Farmer Mike Batting said the sad and sorry episode caused him losses running up to £4,000 – although the mental trauma was even greater.

He uncovered the carnage on Sunday morning in three fields on the 400 acres he farms just off the Ideford Dip.

Two ewes were killed by the runaway dog together with five lambs. A further 32 lambs were injured, some seriously and possibly fatally.

‘Some won’t be good enough for breeding or the meat trade. I’m not covered for compensation unless they die,’ he said after the bloody episode.

He revealed how he later came across a dog worrying more sheep – and asked someone with a rifle to shoot it.

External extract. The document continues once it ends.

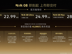 4月16日,与众08上市,新车是大众安徽汽车旗下全新纯电SUV,新车共推出3款配置车型,售价22.99-28.99万元。具体来看,新车采用了大众汽车全新的设计语言,前脸配备由400多个可独立控制LED灯珠组成的隐藏式矩阵大灯,支持交互式灯光效果自定义,车身尺寸方面,新车长宽高分别为5000/1954/1688mm,轴距3030mm,整车侧面来看呈现短前悬、长后悬的布局,尾部配备宽厚的车顶扰流板装饰,并配备隐藏式的后雨刷器。车内配备10.25英寸全液晶仪表、为双14.96英寸2.4K超高清智能双联屏,搭载高通骁龙SA8295P高性能座舱芯片,车机搭载AI智能伙伴。舒适性配置上,新车提供女王副驾、可调光全景天幕、车载冰箱等。动力上,新车基于800伏平台打造,搭载高性能800伏碳化硅电驱系统,提供单电机后驱与双电机四驱版本。单电机版最大功率230kW;双电机四驱版前电机140kW、后电机230kW,电池为宁德时代磷酸铁锂电池,提供82kWh/95kWh两种容量,82kWh电池续航为630km,95kWh电池CLTC续航最高730km/700km。
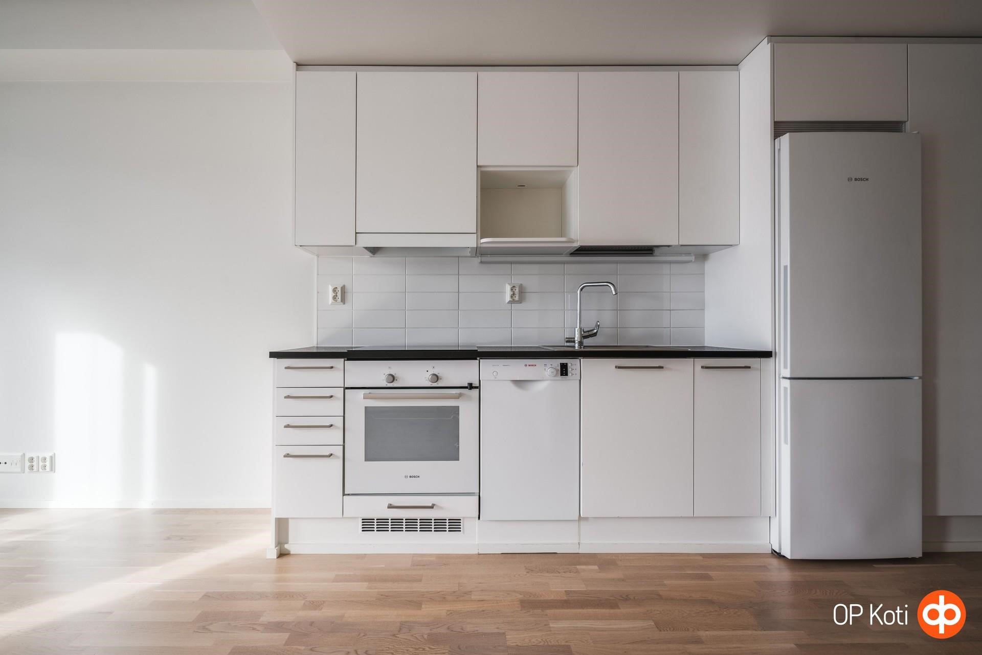 - Jääkaappipakastin, erillisuuni, liesitaso, liesituuletin, astianpesukone, kaapistot, kiinteät valaisimet.

But the person he asked recognised the dog and said he could not do it. The gunman then fetched the dog’s owner who sadly consented to shoot the dog himself.

Mr Batting said: ‘It was a very harsh lesson to learn about sheep worrying. He knew he had to do it.

‘If he had not the matter would have been taken further. Police have been informed. If the dog had been allowed to go it would have returned and killed again. It couldn’t continue.’

He revealed the two ewes, with two lambs each, had died of heart attacks trying to protect their young.

‘The biggest problem for me is there is no one to compensate me for the mental strain such incidents cause. There is a lot more to this than just losing animals,’ he said.

He urged all pet owners to keep their dogs under control in the countryside to prevent repeats of Sunday’s desperate slaughter.

It was the second dog attack in as many months. In January he lost two animals. The killer was never traced.